2.1 Bem-Estar Subjetivo

Bem-estar subjetivo (BES) refere-se ao campo de estudos que busca a compreensão sobre as avaliações que as pessoas fazem de suas próprias vidas (Diener, Suh & Oish, 1997). Este campo apresentou expressivo crescimento devido ao esforço de pesquisadores na tentativa de reunir a literatura e buscar uma padronização do conceito (Diener, Scollon & Lucas, 2003).

Diener, Suh, Lucas e Smith (1999) relatam um expressivo trabalho sobre o conceito de bem-estar subjetivo publicado por Wilson no final da década de 60, no qual duas conclusões foram formuladas. A primeira é a de que as pessoas que desfrutavam de maiores vantagens eram mais felizes e, por sua vez, se apresentavam como indivíduos jovens, saudáveis, com boa educação, bem remunerados, otimistas, religiosos, casados, inteligentes e de aspirações modestas.
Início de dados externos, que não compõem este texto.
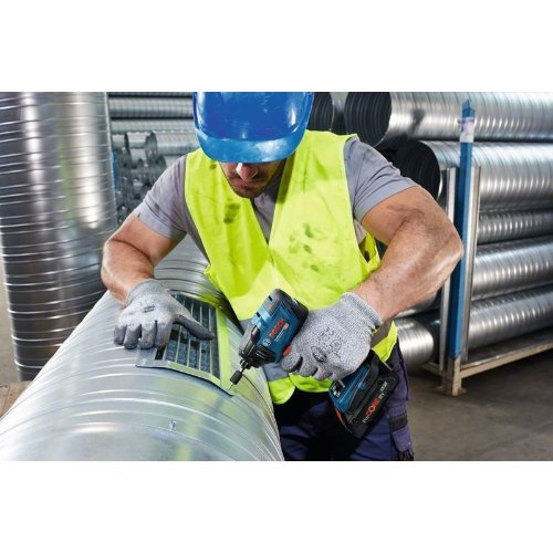 Akku-Drehschlagschrauber GDR 18V-210 C. Der Drehschlagschrauber GDR 18V-210 C Professional mit 1/4-Zoll-Sechskant-Bit-Aufnahme liefert eine starke Leistung und verhindert gleichzeitig Materialschäden. Zwei Standardbetriebsarten am User Interface, Blechschraube (A) und Holzschraube (B) sorgen für mehr Kontrolle und weniger gebrochene oder abgeschlagene Schraubenköpfe, verschlissene Gewinde und beschädigte Werkstücke, indem der Drehschlagschrauber verlangsamt oder ausgeschaltet wird. Jede Betriebsart kann über die Bosch Toolbox App individuell eingestellt werden. Dieser kraftvolle und präzise Akku-Drehschlagschrauber liefert ein Drehmoment von 210 Nm. Drei Geschwindigkeits-/Drehmomentstufen sorgen für beeindruckende Kontrolle und größere Flexibilität bei der Arbeit. Dieser Drehschlagschrauber ist für viele Anwendungen das Elektrowerkzeug der Wahl, sowohl beim Eindrehen von Blechschrauben als auch Holzschrauben. Das Gerät ist mit allen Bosch Professional 18V-Akkus und -Ladegeräten (Professional 18V System) kompatibel. Der GDR 18V-210 C Professional verfügt für mehr Komfort über eine Statusanzeige, ein LED-Licht und einen Gürtelclip. Im Lieferumfang enthalten: 1x Bluetooth Low Energy Modul GCY 42 Professional (1 600 A01 6NH), 1/2 L-BOXX-Einlage für Gerät und Ladegerät (1 600 A01 CU5), 1/2 L-BOXX-Einlage für Zubehör (1 600 A00 2WC), L-BOXX 136 (1 600 A01 2G0)

A segunda conclusão relata que pouco progresso foi feito para uma melhor compreensão da felicidade desde a época dos filósofos gregos, os primeiros interessados em estudar o tema.

Ainda na busca de melhor descrever o conceito, diversos estudos (Diener, Suh & Oishi, 1997; Diener, Suh, Lucas & Smith, 1999; Diener & Lucas, 2000) tiveram como objetivo identificar a constituição do bem-estar subjetivo e chegaram a dois componentes: julgamento global de satisfação com a vida, ou com domínios específicos dela, e experiências emocionais

positivas e negativas. A satisfação com a vida é um componente cognitivo, e os afetos positivos e negativos representam a dimensão das emoções. Esta separação dos componentes de bem-estar subjetivo em dimensão cognitiva e afetiva aconteceu para facilitar a compreensão do conceito, não impedindo que estes componentes sejam interrelacionados (Lucas, Diener & Suh, 1996).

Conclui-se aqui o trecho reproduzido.